I picked my friend David out of a crowd of hundreds; I knew he was one of us, whatever the us may be defined as, whether it be chemistry, familiarity, there is some key; a Tell if you're Mamet, that separates an individual and brings them to the forefront of a crowd of faces.
David was taking a freshman placement test the summer I was an advisor and had met another like minded friend. I turned to this friend and said, I like that guy, meaning David. He ended up being one of my closest friends until he died in 1996 and I still think about him all the time.
My best friend from high school, my old boyfriends, husband, they each had a defining moment of which they became who they are to me. These events stand out in my flawed memory bank and I could recreate them with some accuracy if so compelled. It's been awhile since that phenom has occurred, perhaps like with taste buds, those sensual experiences are tempered with age, I know that with every day, with every person that walks into the library whose odor does not precede them, I expect that they might be someone who in turn will become more than this.

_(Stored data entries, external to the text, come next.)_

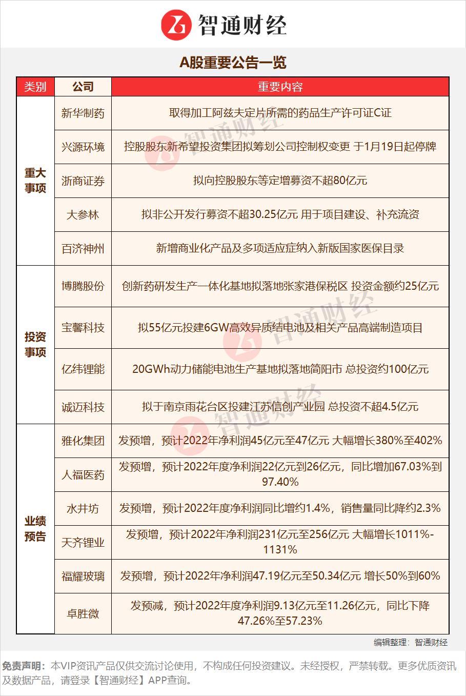 【A股重要公告一览】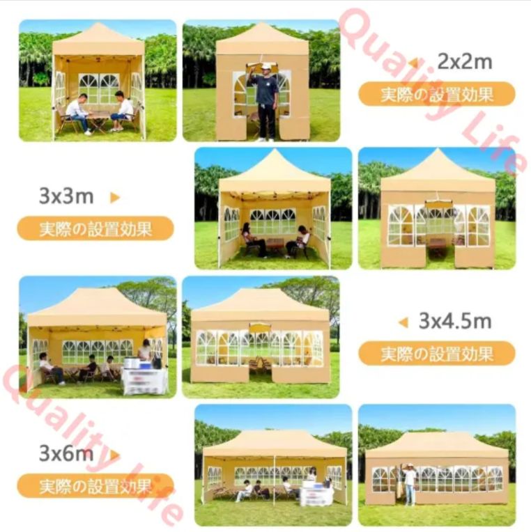 ? 折りたたみ設計:簡易テント 便利な折りたたみ構造を採用しており、収納時にはサイズが小さくなり、保管や持ち運びが簡単です。日常の家庭用でも商業活動用でも、簡単に整理保管でき、スペースを節約できます。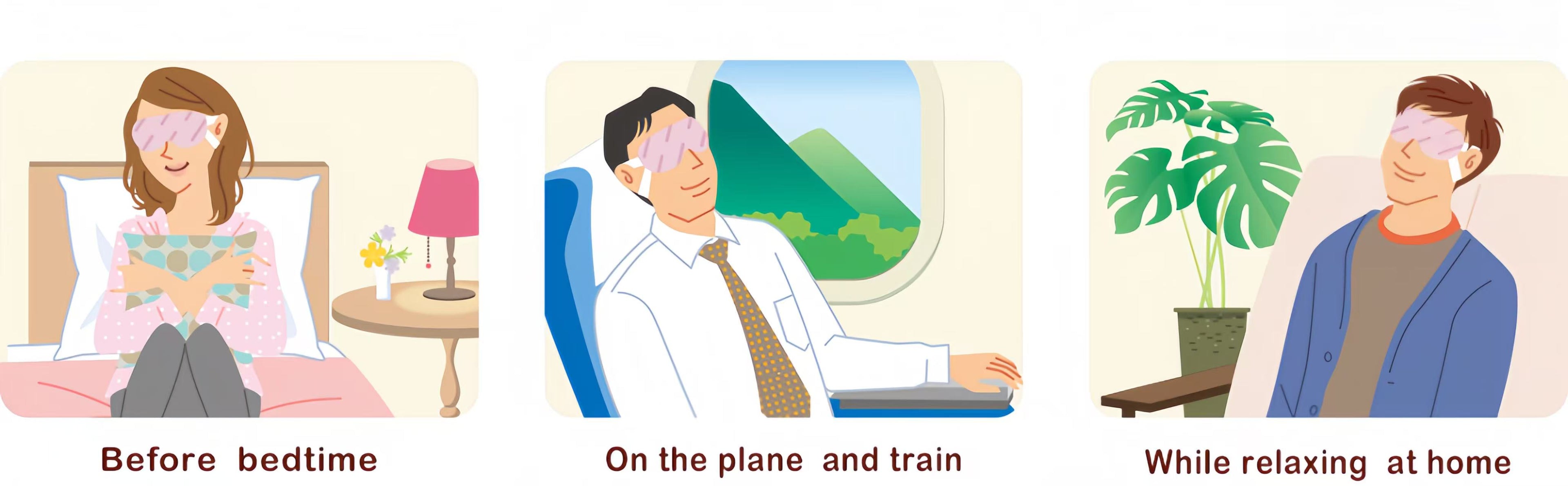 Swelling may occur when the steam generated is trapped inside the eye mask, for instance, if a used sheet is folded and left lying on an open surface, or when a sheet is used in low-pressure environments such as a plane cabin. This is no cause for alarm. The steam will dissipate in time, and the eye mask will not heat up or burst.

With Eamon, whom I'd known for a couple of years, the bookmark took place at the California border crossing with Mexico. I had a station wagon full of men to prove my language skills to who were visiting me. So, we stopped at the border before I could do that and I had to go to the bathroom which was a eight lane walk. He volunteered to go with me; and the impression was made, though I didn't even know it until later, which in itself is part of that process of something completely out of our conscious evaluation. It's just stored away until the right time or even until your old and have an idle moment and apparently have little better to think about then the olden days.